As ATRA-differentiated cells express high levels of PAD2 and PAD4, it is reasonable to propose that dying cells could release these enzymes and that they could continue to be functional, particularly as the calcium levels in the extracellular space are higher relative to the intracellular compartment. A limitation of this work is that it is not possible to distinguish whether PAD2 or PAD4 was responsible for citrullination of fibrinogen in our assay, because they were both detectable in the cell media supernatants. It is worth noting that PAD4 was detected at a lower molecular weight than expected (31 kD) and this may have represented a non-functional degradation product, while PAD2 remained detectable at its predicted molecular weight of 76 kD. Additionally, it was not possible to induce NETosis without inducing concurrent necrosis and therefore, we cannot discern whether NETosis is required for extracellular citrullination. Freeze thaw, which induces only necrosis, was sufficient, however, to induce fibrinogen citrullination. Perhaps the more surprising finding is that apoptotic and even secondarily necrotic cells did not citrullinate extracellular fibrinogen in culture. This result indicates that death by apoptosis deactivates the PAD enzymes before they are released into the extracellular space and is consistent with prior work demonstrating that PAD4-mediated histone deimination is induced by inflammatory stimuli in neutrophils but not apoptosis [16]. Considering the vast numbers of neutrophils that undergo apoptosis daily, it stands to reason that this immunologically silent cell death would also have evolved mechanisms to limit modifications of neighboring proteins. Single nucleotide polymorphisms in PADI4 and PADI2 are associated with increased risk of RA. PADI4 risk alleles reside in the N-terminal domain, which is not the catalytic site of enzyme activity, and these risk alleles do not lead to enzymes that are hyperfunctional in vitro, leading to the hypothesis that the polymorphism may confer risk by increasing either protein or mRNA stability rather than increased protein function [11]. The work presented here supports the notion that increased PAD stability could contribute to RA risk by demonstrating that PAD enzymes released in the setting of certain types of cell death continue to function in the extracellular space.

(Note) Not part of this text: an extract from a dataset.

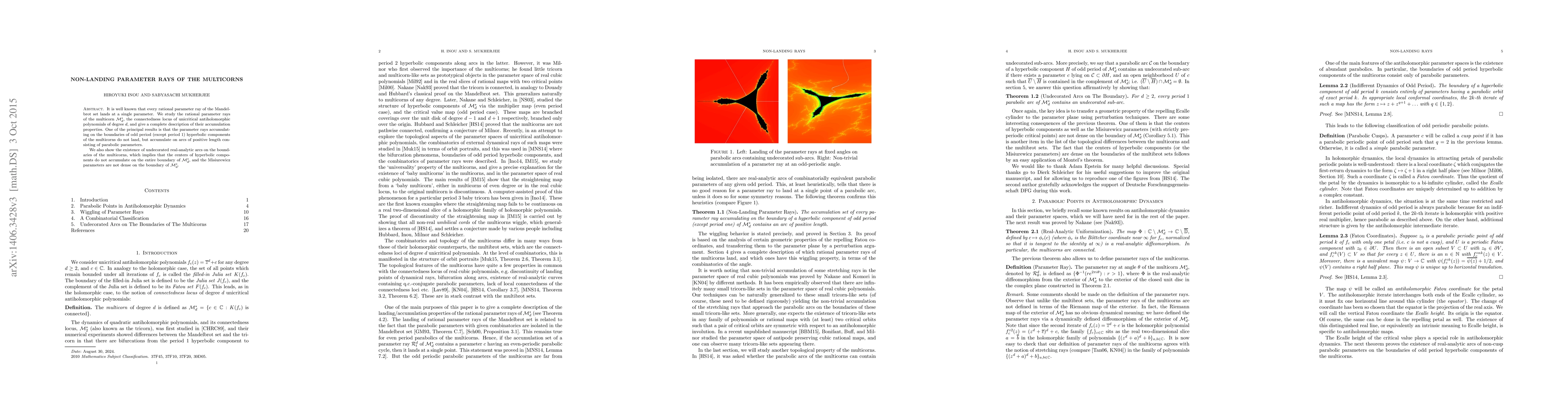It is well known that every rational parameter ray of the Mandelbrot set lands at a single parameter. We study the rational parameter rays of the multicorn $\mathcal{M}_d^*$, the connectedness locus of unicritical antiholomorphic polynomials of degree $d$, and give a complete description of their accumulation properties. One of the principal results is that the parameter rays accumulating on the boundaries of odd period (except period $1$) hyperbolic components of the multicorns do not land, but accumulate on arcs of positive length consisting of parabolic parameters. We also show the existence of undecorated real-analytic arcs on the boundaries of the multicorns, which implies that the centers of hyperbolic components do not accumulate on the entire boundary of $\mathcal{M}_d^*$, and the Misiurewicz parameters are not dense on the boundary of $\mathcal{M}_d^*$.

While autoantibodies to citrullinated fibrinogen are highly specific to RA, citrullination of fibrinogen is not. Non-RA patient-derived atherosclerotic plaques contain both citrullinated fibrinogen and PAD4 [17]. As neutrophils express more PAD4 than any other hematopoietic cells, this result suggests that neutrophils may be responsible for fibrinogen citrullination in vivo. Further, neutrophil-derived serine proteases promote coagulation and thrombosis formation in vitro and in vivo [18] and known products of NETosis, such as DNA, MPO and citrullinated H3, can be detected in organized human thrombus [19]. The work presented here provides a direct link between the observations of the importance of neutrophils in thrombus organization and the observation that thrombus contains citrullinated fibrinogen.

Conclusions

In conclusion, we found that granulocytes undergoing inflammatory but not apoptotic cell death lead to citrullination of the extracellular protein, fibrinogen. Fibrinogen citrullination correlates with detectable levels of PAD enzymes in the supernatant of granulocytes undergoing inflammatory but not apoptotic cell death. This work provides a direct link between previous observations on the role of neutrophils in thrombosis and citrullination of fibrinogen, and points yet another finger at neutrophils in the generation of post-translational modifications targeted by RA autoantibodies.